State honors activist who was killed in 1951 bombing
By Times staff writer
Published March 30, 2007
The state of Florida presented Great Floridian awards Wednesday night to former Sen. Connie Mack and, posthumously, to Harry T. Moore, the Mims civil rights leader who was killed in 1951 when a firebomb was placed under his frame house. Moore's daughter, Evangeline, was escorted to the stage by Gov. Charlie Crist in ceremonies at the R.A. Gray Building.
Artist James Gibson of Fort Pierce, one of the Florida Highwaymen painters, received the 2007 arts recognition award.

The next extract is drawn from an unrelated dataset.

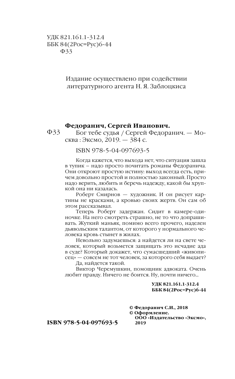 Книга: Бог тебе судья (Федоранич Сергей Иванович); ООО "Издательство "Эксмо", 2019

The highest cultural award the state can bestow is membership in the Artists Hall of Fame. Wednesday night, as part of Florida Heritage Month, that honor was given to 89-year-old Lawrence Hankins "Hank" Locklin, the country singer-songwriter who had six No. 1 hits and was inducted into the Grand Ole Opry in 1960. As he got the award, he was flanked by Secretary of State Kurt Browning and Crist.
"I'm so happy that the good Lord has given me the beautiful songs that I put together, that he helped me put together," Locklin told the audience.
Locklin is from McLellan, a Panhandle crossroads close to the Alabama state line. His biggest hit, Please Help Me, I'm Fallin', rocketed to No. 1 for 14 straight weeks in 1960 and was rated as the second-most-popular country song in the first 100 years of country music by Billboard magazine.